• **Exercise details**: Nothing should differ. Repeat every record as written.

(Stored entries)
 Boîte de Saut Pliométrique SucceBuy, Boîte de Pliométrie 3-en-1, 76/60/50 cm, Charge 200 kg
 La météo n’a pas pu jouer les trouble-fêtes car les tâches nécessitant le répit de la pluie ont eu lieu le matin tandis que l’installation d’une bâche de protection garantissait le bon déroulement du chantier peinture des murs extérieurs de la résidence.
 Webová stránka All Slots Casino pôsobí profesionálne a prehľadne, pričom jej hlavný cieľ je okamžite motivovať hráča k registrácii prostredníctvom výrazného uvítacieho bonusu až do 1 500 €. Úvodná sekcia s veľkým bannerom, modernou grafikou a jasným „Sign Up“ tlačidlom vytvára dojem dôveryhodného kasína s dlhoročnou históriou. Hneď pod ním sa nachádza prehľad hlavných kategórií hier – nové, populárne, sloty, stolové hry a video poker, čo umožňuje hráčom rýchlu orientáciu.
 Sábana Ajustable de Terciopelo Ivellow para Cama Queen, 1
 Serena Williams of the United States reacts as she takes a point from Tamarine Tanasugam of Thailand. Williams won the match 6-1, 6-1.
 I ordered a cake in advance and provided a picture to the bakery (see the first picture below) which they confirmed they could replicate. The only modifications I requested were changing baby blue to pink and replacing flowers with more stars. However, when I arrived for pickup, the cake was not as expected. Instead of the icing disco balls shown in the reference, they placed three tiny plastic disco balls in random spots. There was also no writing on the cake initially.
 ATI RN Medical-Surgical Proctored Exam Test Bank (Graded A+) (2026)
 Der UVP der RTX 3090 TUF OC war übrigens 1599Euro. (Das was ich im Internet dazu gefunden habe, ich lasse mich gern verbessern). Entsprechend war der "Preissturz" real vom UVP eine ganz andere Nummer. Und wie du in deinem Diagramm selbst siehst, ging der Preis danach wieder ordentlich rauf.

• **Answer to this task**:
 Boîte de Saut Pliométrique SucceBuy, Boîte de Pliométrie 3-en-1, 76/60/50 cm, Charge 200 kg
 La météo n’a pas pu jouer les trouble-fêtes car les tâches nécessitant le répit de la pluie ont eu lieu le matin tandis que l’installation d’une bâche de protection garantissait le bon déroulement du chantier peinture des murs extérieurs de la résidence.
 Webová stránka All Slots Casino pôsobí profesionálne a prehľadne, pričom jej hlavný cieľ je okamžite motivovať hráča k registrácii prostredníctvom výrazného uvítacieho bonusu až do 1 500 €. Úvodná sekcia s veľkým bannerom, modernou grafikou a jasným „Sign Up“ tlačidlom vytvára dojem dôveryhodného kasína s dlhoročnou históriou. Hneď pod ním sa nachádza prehľad hlavných kategórií hier – nové, populárne, sloty, stolové hry a video poker, čo umožňuje hráčom rýchlu orientáciu.
 Sábana Ajustable de Terciopelo Ivellow para Cama Queen, 1
 Serena Williams of the United States reacts as she takes a point from Tamarine Tanasugam of Thailand. Williams won the match 6-1, 6-1.
 I ordered a cake in advance and provided a picture to the bakery (see the first picture below) which they confirmed they could replicate. The only modifications I requested were changing baby blue to pink and replacing flowers with more stars. However, when I arrived for pickup, the cake was not as expected. Instead of the icing disco balls shown in the reference, they placed three tiny plastic disco balls in random spots. There was also no writing on the cake initially.
 ATI RN Medical-Surgical Proctored Exam Test Bank (Graded A+) (2026)
 Der UVP der RTX 3090 TUF OC war übrigens 1599Euro. (Das was ich im Internet dazu gefunden habe, ich lasse mich gern verbessern). Entsprechend war der "Preissturz" real vom UVP eine ganz andere Nummer. Und wie du in deinem Diagramm selbst siehst, ging der Preis danach wieder ordentlich rauf.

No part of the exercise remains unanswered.